Hollywood, meanwhile, is harking back to that late Fifties golden age when rich white men might still present as romantic mavericks. Warren Beatty’s Rules Don’t Apply (**, 12A, 127 mins), American cinema’s biggest financial flop of 2016, deploys a juicy Howard Hughes quote (“Never check an interesting fact”) to justify its entirely fictional love triangle between ageing satyr Hughes (Beatty himself), a self-improving starlet (Lily Collins), and her designated driver (Alden Ehrenreich), played out as a Kodachromed cruise down a Sunset Strip converted for the occasion into an erratic memory lane.
Familiar faces (Ed Harris, Annette Bening, Alec
Baldwin) prove subservient to the dominant creative force: Beatty-as-Hughes
emerges from the shadows after a half-hour, and begins pawing Collins in a
manner that might well put you off the movies forever.
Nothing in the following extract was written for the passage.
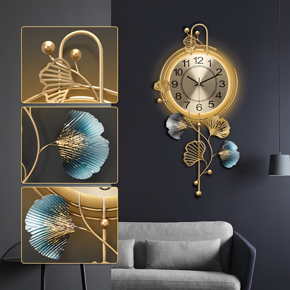 31" x 14" Modern Silent Golden Metal Large Ginkgo Leaf Wall Clock - Creative Decorative Clock for Living Room, Kitchen, Entryway, Bedroom, Office, Dining Room
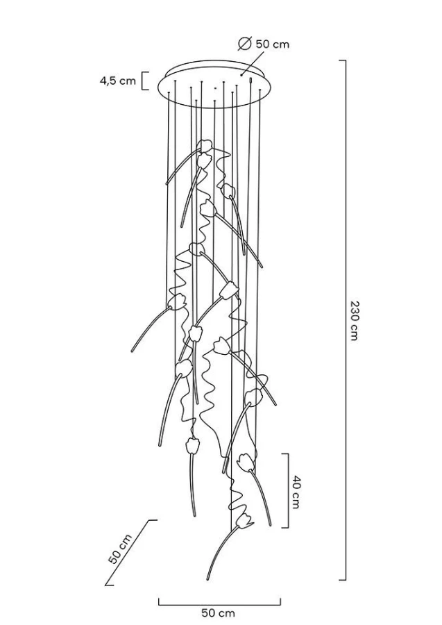 Przezroczyste, akrylowe klosze imitują kwiaty, tulipany, które w niezwykły sposób rozpraszają strumienie światła.

Poignant flickers arise
in its trade-off between innocence and experience, and its nostalgia feels more
sincere for emanating from someone who actually lived through the mythmaking.
Yet as Rules rambles on, it becomes
clear it’s been funnelled into a pretty fitful vehicle: a misfire caught
between lavishly expensive folly – a silver-screen Spruce Goose – and the
year’s best-appointed dad joke.
Their Finest and Rules Don't Apply open in cinemas nationwide today.